What to do with your workplace investigation report


You have made the decision to conduct an investigation and selected the appropriate investigator (see “Selecting a Workplace Investigator,” HRmatters, Spring 2021 issue). The investigation is over. Now what? How do you use the report, how much do you disclose and to whom, and how and for how long do you keep it?

Using the report

At first, you’ll want to make sure that the investigation and report was done in a reasonable fashion. This does not mean that you should interfere with the process or the conclusions of the investigator. Rather, you want to assess whether the basic process was sound. An investigative report should set out the investigative process, the evidence gathered, the conclusions and the reason for the conclusions, including the standard of proof applied. Depending on the scope of the investigation, relevant workplace policies should be identified and considered. If there are obvious issues with the report, such as the lack of an interview with important witnesses, obvious bias, or reaching conclusions without a substantive basis, you will want to carefully consider the weight to be given to the report and it is possible to have it rectified or redone.

Once you are satisfied that the report is appropriate, you will need to decide what to do with the conclusions. If the complaint was found to be “unfounded”, the complainant should not suffer negative consequences unless it is specifically established that the complaint was malicious. It’s very rare. You will also want to consider if there are any other corrective actions that should be taken. Sometimes a policy violation is not established, but the investigation sheds light on other issues in the workplace. For example, an investigation of a harassment complaint by a manager may reveal behavior that is not harassment, but indicates poor management style. If the complaint is valid, you will need to consider what corrective and / or disciplinary action is merited.

If the report indicates unwanted behavior on the part of someone who was not treated as a respondent, you should examine that behavior separately, this time giving the person involved the appropriate caveats and an opportunity to respond. .


At a minimum, the complainant and the respondent must be informed of the end of the investigation and the results of the investigation (i.e. whether the complaint was founded or not). Beyond this, workplace policies or collective agreements can provide guidelines for the disclosure and information to which parties are entitled.

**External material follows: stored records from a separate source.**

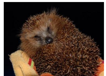
"De egel is de ambassadeur van de gemeente Woensdrecht. In het kader van het thema Biodiversiteit staan we stil bij het nu van de egel in de natuur. Een Kinderprogramma is er bij voldoende deelname"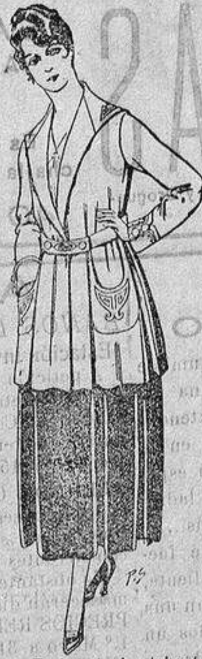
Paletot de tricot de seda o lana. De ptas. 14 a 57.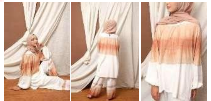
Gambar 16 Visualisasi Produk Look 3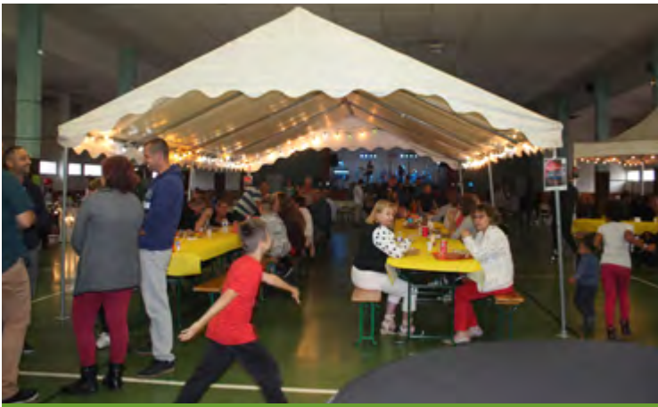
Fête de la musique / 18 juin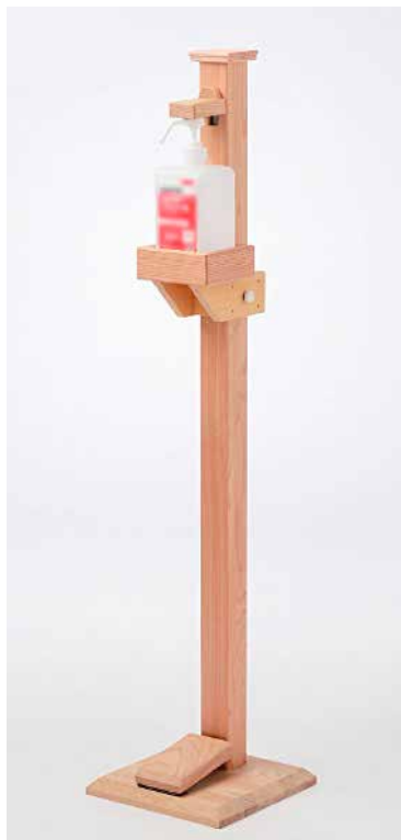
▲株式会社金子木工所(成瀬)の作品

Often, parties receive an “executive summary” containing the findings, but not other parts of the report such as witness statements or recommendations. Providing “too much” information, especially in the form of witness statements, can often create new conflicts and should be avoided.

If the report was protected by solicitor-client privilege or prepared for litigation, legal counsel should be consulted before disclosing any part of the report. The privilege can be lost, sometimes accidentally, and care must be taken.

For federally regulated employers, the new Regulation respecting the prevention of harassment and violence at work require that an investigator’s report be provided to the principal party, the respondent, the work place committee or health and safety representative and, in certain circumstances, to the designated recipient. It should include a general description of the event, the investigator’s conclusions and recommendations for eliminating or minimizing the risk of a similar event. It should not reveal, directly or indirectly, the identity of those involved in an event or the resolution process.

Whenever possible, someone not involved in the investigation should be the one who communicates the findings to the complainant and the respondent. This should be done with sensitivity, as it is likely to be a difficult and emotional experience for the person involved. The complainant and the respondent should be provided with information about all employee assistance programs offered by the employer. It is best to meet separately in a neutral, professional and private space. It is often helpful to ask the parties if they have any questions. If you have the answer right away or want to take some time to think about the answer, indicate that you will answer it later, and then be sure to answer.

Both the complainant and the respondent should be warned against retaliation.


After the investigation, you will want to think about what to do with the report itself.

When a complaint is substantiated, you will want to keep the report in a confidential file until the deadline for filing a wrongful / constructive dismissal complaint has expired. In Manitoba, it is currently six years. It can be kept in the respondent’s file in the same way as other disciplinary documents, and referenced in the complainant’s file in the event that the latter claims a constructive dismissal in the future.

If the complaint is unfounded, neither the complaint nor the report should be referenced in the respondent’s personnel file. It would be wise to keep the report in a separate file for six years in the event that the complainant subsequently invokes constructive dismissal.

In a unionized environment, the report must be kept in the manner and for the duration provided for in the collective agreement. Unless this is contrary to the collective agreement, the report should be kept for at least three years, as current Manitoba occupational safety and health legislation requires employers to review / revise their policies every three years, which can be useful in this process. It will also capture the timelines for filing occupational safety and health lawsuits (2 years) and human rights complaints (1 year).

When processing survey material, it should be remembered that some of this information may be stored electronically and should be treated in the same way as hard copies. In addition, care must be taken to maintain confidentiality in the destruction of such material.

Workplace survey reports can be a very useful tool, but when handled improperly, they can introduce new problems. Care should be taken in determining the use, disclosure, retention and destruction of such records.